The valve tool that my dad had bought for me (used to pull the valve on the tube through the small hole in the rim) turned out to be useless, because it wouldn’t fit through the hole in the rim. I started mumbling to myself. Not a good sign.
Josh helped me spoon the tire back onto the rim and then we started filling the tube with air. Except it wouldn’t fill, then the air compressor stopped working (probably water logged).
Josh rode off to get Andre’s compressor, and I just stood there in the pouring rain, soaked to the bone and getting cold. I repeatedly reminded myself (without really believing it) that this was all part of the adventure.
Andre’s compressor confirmed that indeed the tire was not taking air. Â So out came the tube – we’d made a hole in it spooning the tire back on. Luckily the Alaskans had another spare tube. Did I mention it was raining heavily?

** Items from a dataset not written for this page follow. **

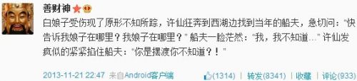 看个去年比较火的段子。白娘子受现了原形不知所踪,许仙狂奔到西湖边找到当年的船夫,急切问:“快告诉我娘子在哪里?我娘子在哪里?” 船夫一脸茫然:“我,我不知道” 许仙发疯似的紧紧掐住船夫:“你是摆渡你不知道?!”(@善财神)
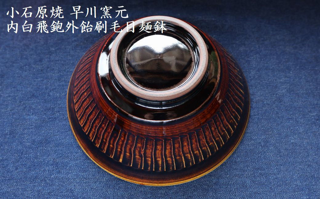 この麺鉢は、小石原焼窯元「早川窯元」にお願いして作っていただいた作品で、内側は乳白色の化粧土に飛鉋、外側は刷毛目に飴釉の実用的で美しい小石原焼の「用の美」を感じていただける作品です。
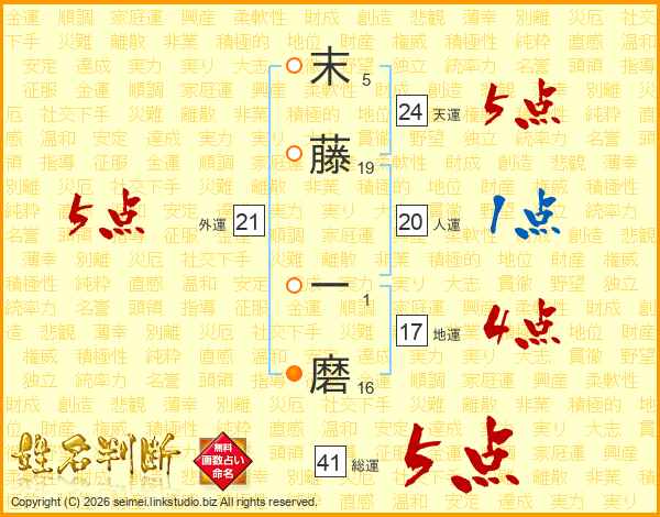 末藤一磨さんの総運は41画の5点!
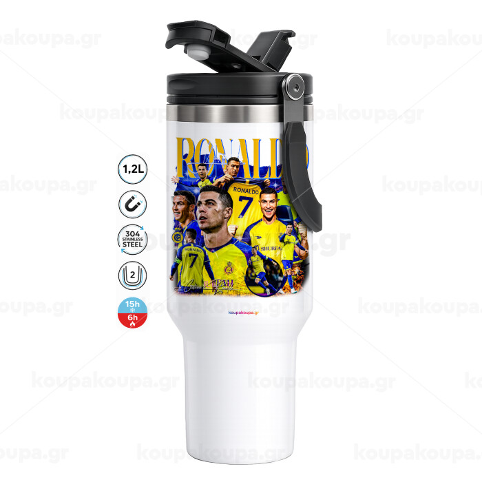 Cristiano Ronaldo (Κριστιάνο Ρονάλντο), Mega Stainless steel Tumbler with lid, double wall 1,2L

By this time Jordon and Andre had finished changing Frank’s tire, and they had come back to help get me back on the road.
I very carefully spooned the tire back onto the rim and handed it to Andre to fill with air while I put my tools away. Except it only filled part way and then would fill no more. I couldn’t believe it. Despite being incredibly careful, there was a hole in this tube as well!
Andre came to the rescue with another new tube, and this time, finally, we didn’t make a hole in it.
If I had jumped into a lake I wouldn’t have become any wetter than I was at that moment. I was also so cold that I was shivering. And there was still water pouring from the sky. Also Andre’s fan wasn’t working.
We got Cricket’s wheel back on, and everything packed up, and headed for some food at the next town. The next town turned out to be Los Andes, where it was not raining. We’d all had enough of motorcycles for the day, and decided to find a hotel.
We passed on the first one we found because it had rates listed by the hour and red and green lights outside each room, and found a nicer one not far away. At $28 each to share a family room, we were immediately reminded that Chile is a lot more expensive than any other country we’d been to in South America but we just didn’t care. It had wifi and hot water and looked nice.
We ventured into town, found cash machines that would give us money, and a restaurant that served us delicious, huge sandwiches, a mountain of fries and cold beers.
It had been quite the day, but we were all safe, our bikes still ran, and we had made it to Chile (country number 16 for me).
The next morning we dried out our things, and inspected the damage that short stretch of road had wreaked on our poor bikes.